# Task prompt:
Beginning with the line that contains "E12. BEEF TERI MAYO GUNKAN", retype the entries below exactly, ending with the line that contains "Figure 1. Intact". Leave out any pictures.

# Material shown:
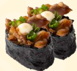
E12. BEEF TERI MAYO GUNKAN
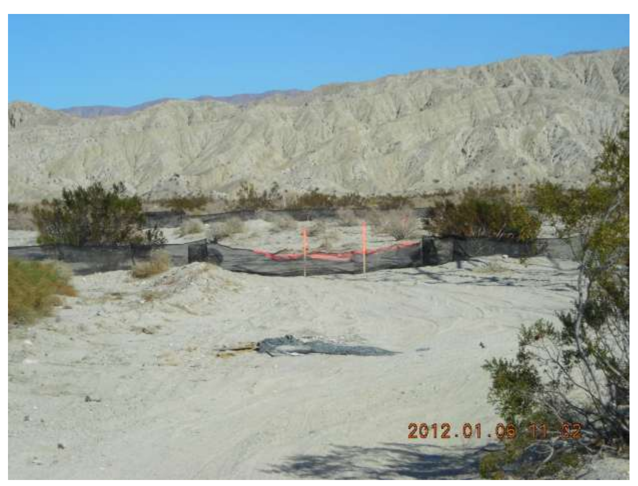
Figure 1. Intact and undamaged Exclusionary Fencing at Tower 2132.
==
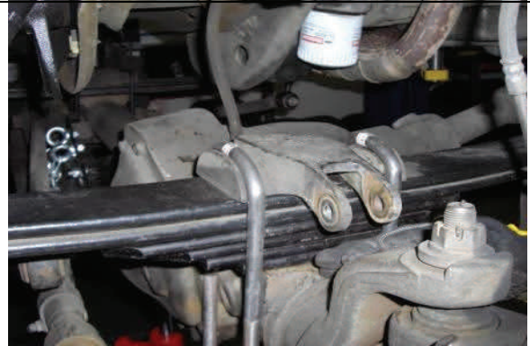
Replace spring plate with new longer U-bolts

# Written response:
E12. BEEF TERI MAYO GUNKAN
Figure 1. Intact and undamaged Exclusionary Fencing at Tower 2132.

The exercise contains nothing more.